# Speedfan startet nicht



## mestwo (4. Februar 2016)

Hi,

zuerst schon mal entschuldigung für Rechtschreibfehler und Unverständlichkeit. Das hier ist mein erster Beitrag.

Mein Problem ist das Speedfan sich beim starten aufhängt und gleichzeitig meine SSD zu 100% ausgelastet wird.
Soblad ich Speedfan dann über den Taskmanager schließe ist alles wieder in Ordnung, wenn man das nicht macht stürzt das System ab.
Das ganze trat das erste mal auf als ich Win10 nach einem Absturz(auf Grund von überhizung da ichdie Lüfter aus gemacht habe und dann vorm Spielen vergessen habe die wieder an zu machen) wieder hochfuhr.
Habe an dem gleichen PC ne andere Festplatte geklämmt und alles auch die HauptSSD liefen ohne Probleme.
Es sind auch die aktuellen Treiber instaliert und auch nach Viren wurde vergebens gesucht.

Brauche dringend Hilfe.
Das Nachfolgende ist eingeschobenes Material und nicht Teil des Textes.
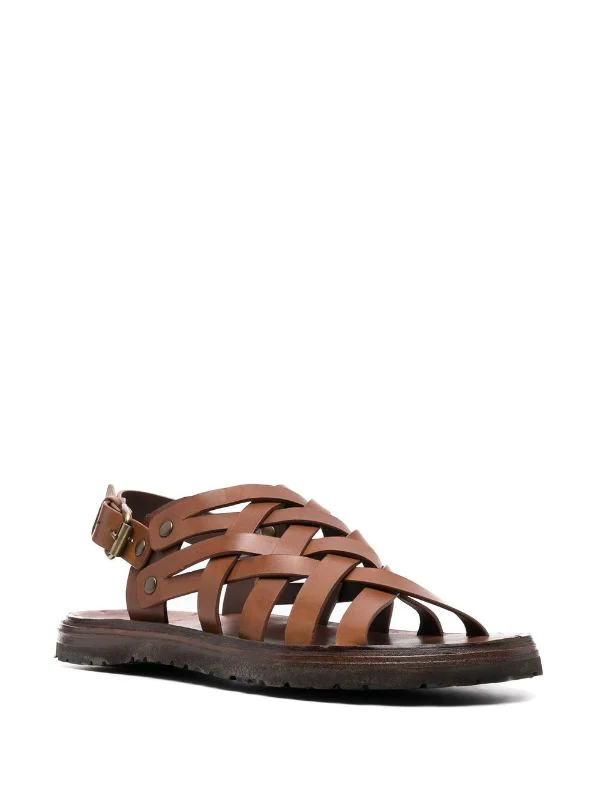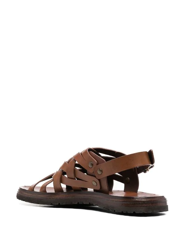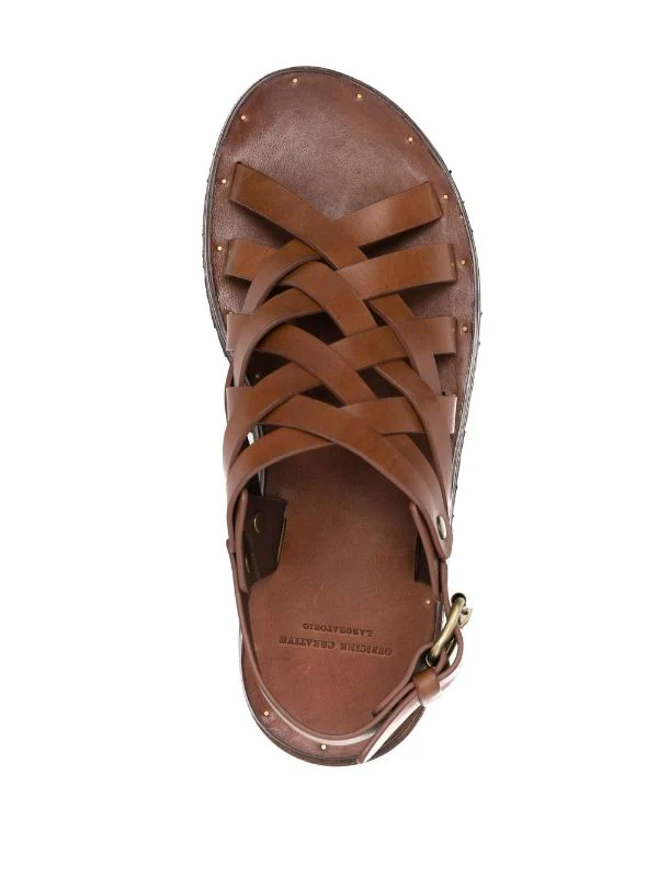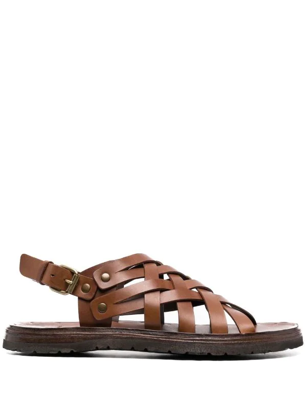Marron, cuir de veau, bout ouvert, brides croisées aux orteils, bride arrière à boucle, semelle plate en caoutchouc.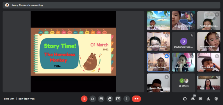 在疫情期间为了提升小学一年级学生对阅读的兴趣,现代城民望学校小学部举办了常规的阅读时间。本活动每逢星期四上午8点至8.25以线上方式举办。这是科目教师(Jenny Cordero老师)与各班级班主任合作举办的趣味活动。活动在谷歌会议中的小学一年级活动教室举办。

Die Lüfter laufen zur Zeit mit 100%


----------



## Herbboy (4. Februar 2016)

Es könnte sein, dass dein virenscanner oder die Firewall schuld ist, Stell das mal ab und schau, ob es dann geht


----------



## mestwo (4. Februar 2016)

Nein geht leider immer noch nicht.
Werde wohl neu instalieren müssen


----------